The Russian editors of the collection that constitutes our main source on this subject[1] write in their introduction that Lenin’s ideas on the place and role of nationalities in the state underwent a major transformation. He moved from a firm belief in the virtues of centralism to a ‘recognition of the inevitability of federalism’. At the outset, he believed that national specificities should be accommodated inside a unitary state, but then he proceeded to defend the creation of states on an ethnic basis which would enter into contractual relations with one another. He switched from outright rejection of cultural autonomy to acknowledging the territorial and extraterritorial aspects of such autonomy. The opinions of Trotsky, Rakovsky, Mdivani, Skrypnik, Makharadze, Sultan-Galiev and other people close to Lenin developed in a similar direction, usually independently of each other (with the exception of Lenin, none of them would die of natural causes).

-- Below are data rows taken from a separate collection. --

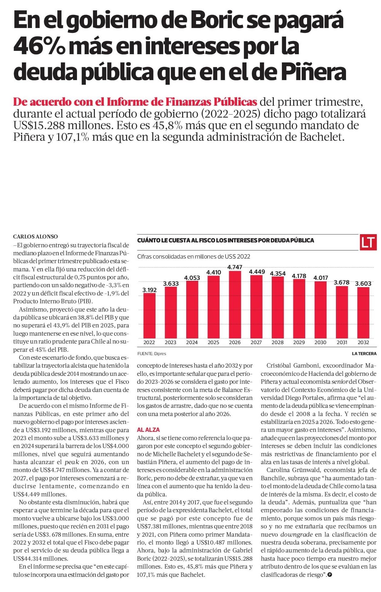 En el gobierno de Boric se pagará 46% más en intereses por la deuda pública que en el de Piñera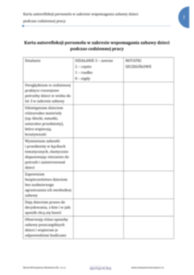 Standard 2.9 Karta autorefleksji personelu w zakresie wspomagania zabawy dzieci podczas codziennej pracy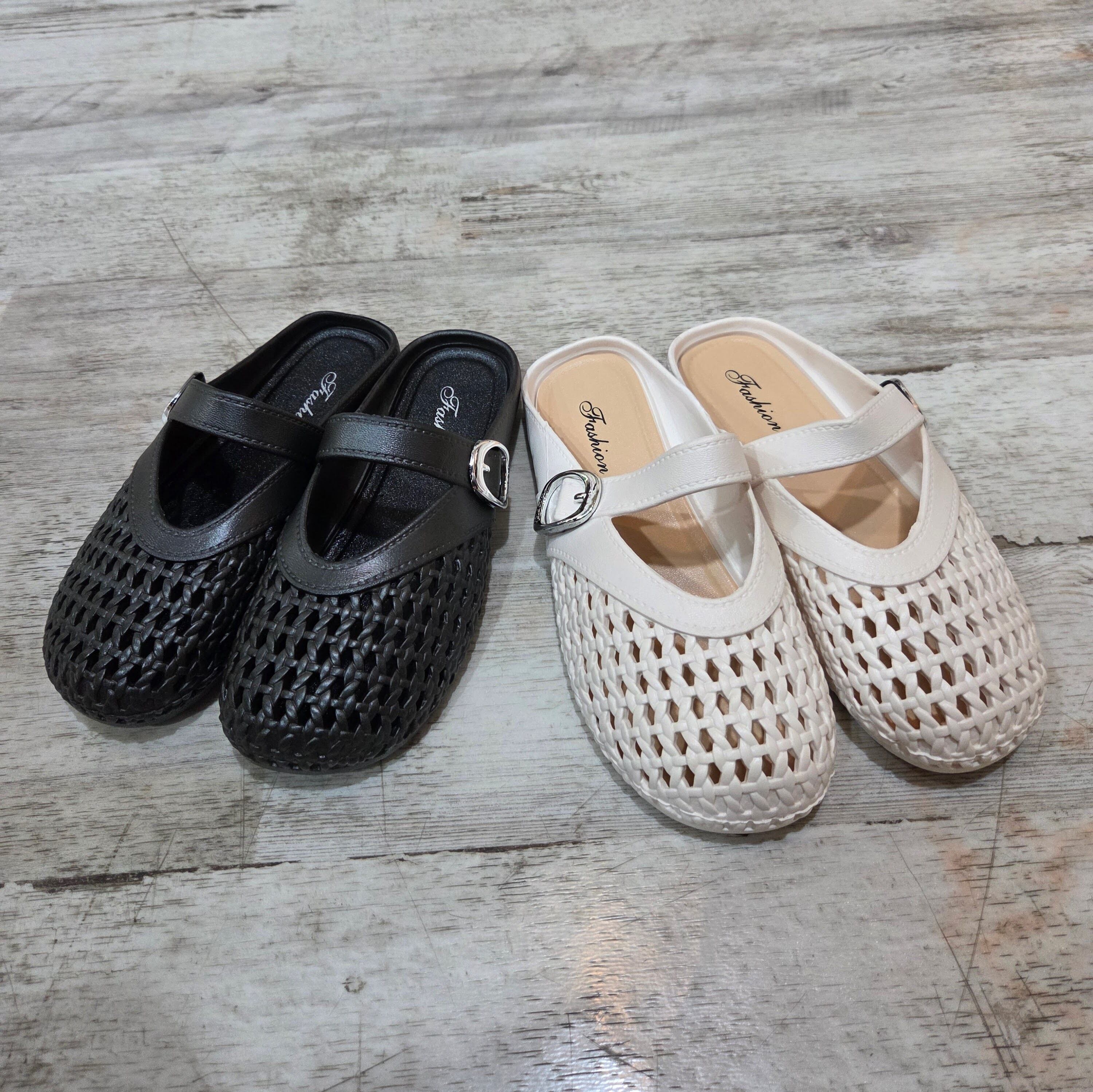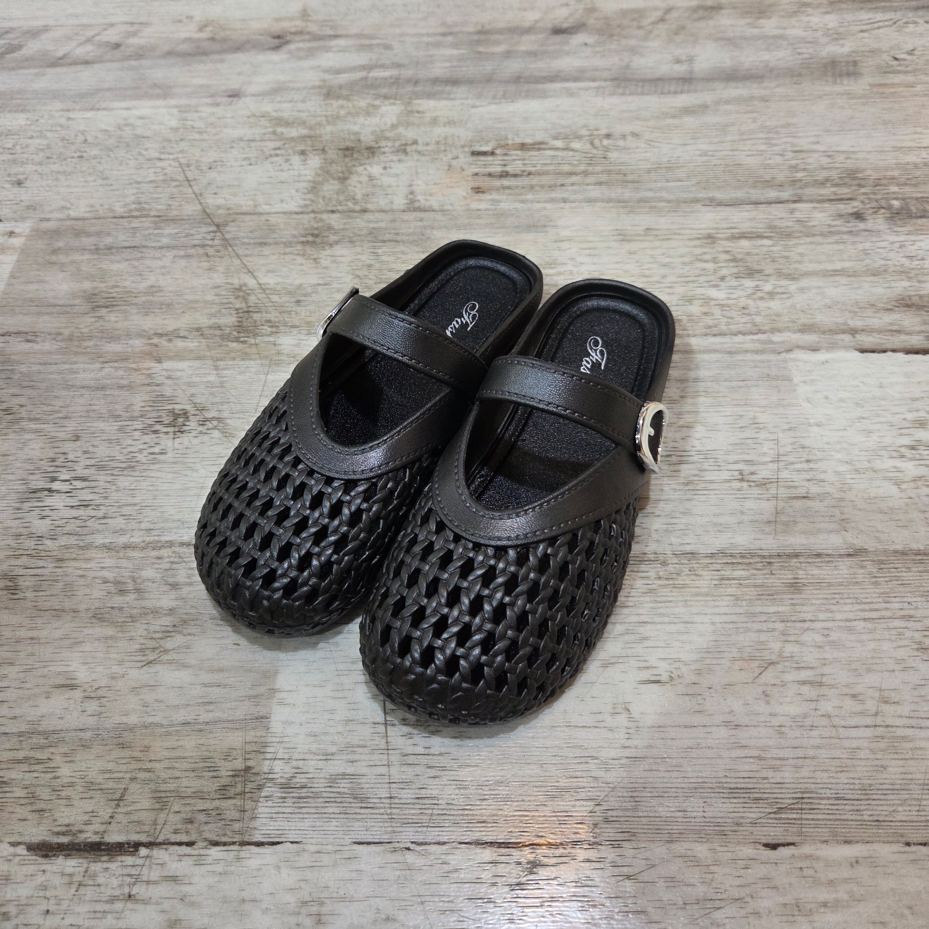 通気性のよい編み込みデザインで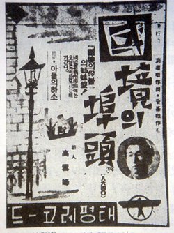 〈국경의 부두〉고운봉(1920∼2001년 본명 고명득, 충남 예산 출신)이 1939년 부른 데뷔곡으로 7월에〈아들의 하소〉와 함께 태평레코드사에서 SP 음반에 발매한 곡으로, 국경을 넘나들면서 고향에 대한 향수와 이별의 슬픔이 자연의 풍광과 어울리는 신의주 부두의 풍경을 신의주에서 살던 유도순(1904년∼1938년)이 잘 표현해 주고 있습니다. ☞ 용암포(龍巖浦)는 평안북도 용천군 압록강 하구에 있는 포구로 신의주 외항입니다. 똑딱선은 발동기로 움직이는 작은 배, 뾰족배는 앞뒤의 모양이 날카롭게 생긴 배입니다. 유초도(柳草島)는 평안북도 신의주 압록강에 있는 큰 섬으로 자갈과 모래가 풍부합니다.

Stalin was a consistent supporter of what his opponents called ‘unitarism’. His report on problems of federalism, delivered as early as January 1918 to the All-Russian Soviet Congress, was an ardent plea for this doctrine. Later, in a note to Lenin dated 12 June 1920 which does not feature in his Collected Works, he wrote: ‘Our soviet form of federation suits the nations of Tsarist Russia as their road to internationalism… These nationalities either never possessed states of their own in the past or, if they did, long ago lost them. That is why the soviet (centralized) form of federation is accepted by them without any particular friction.’ On numerous occasions during 1918–20 Stalin stressed the centralized character of the Soviet Federation, which was manifestly the direct heir of the Tsarist federation ‘one and indivisible’. It included such ‘autonomies’ as Poland, Finland, the Ukraine, Crimea, Turkestan, Kirgizia, Siberia and the Transcaucasus, which might one day tend to become separate entities. But Stalin firmly underlined that ‘autonomy does not mean independence and does not involve separation’. The central power should retain all key functions firmly in its own hands. According to the editors of the collection we are using, for Stalin granting autonomy was mainly an administrative device en route to a ‘socialist unitarism’. Stalin’s argument was nothing but an expression of the Russian notion of a ‘super-state’ (derzhava, a term we shall often have to employ) – the product of an expansion based on Russia’s messianic role. In this conception, incorporating other nations served the cause of progress. The Russian editors, we might interject, may not have realized that other imperialisms suffered from comparable messianism. What was new was Stalin’s emphasis on the ‘supra-Russian’ (sverkhrusskost’) dimension of his own imperial policy when contesting Lenin’s conceptions, which were now presented by Stalin as a nationalist deviation harmful to the interests of the Soviet state.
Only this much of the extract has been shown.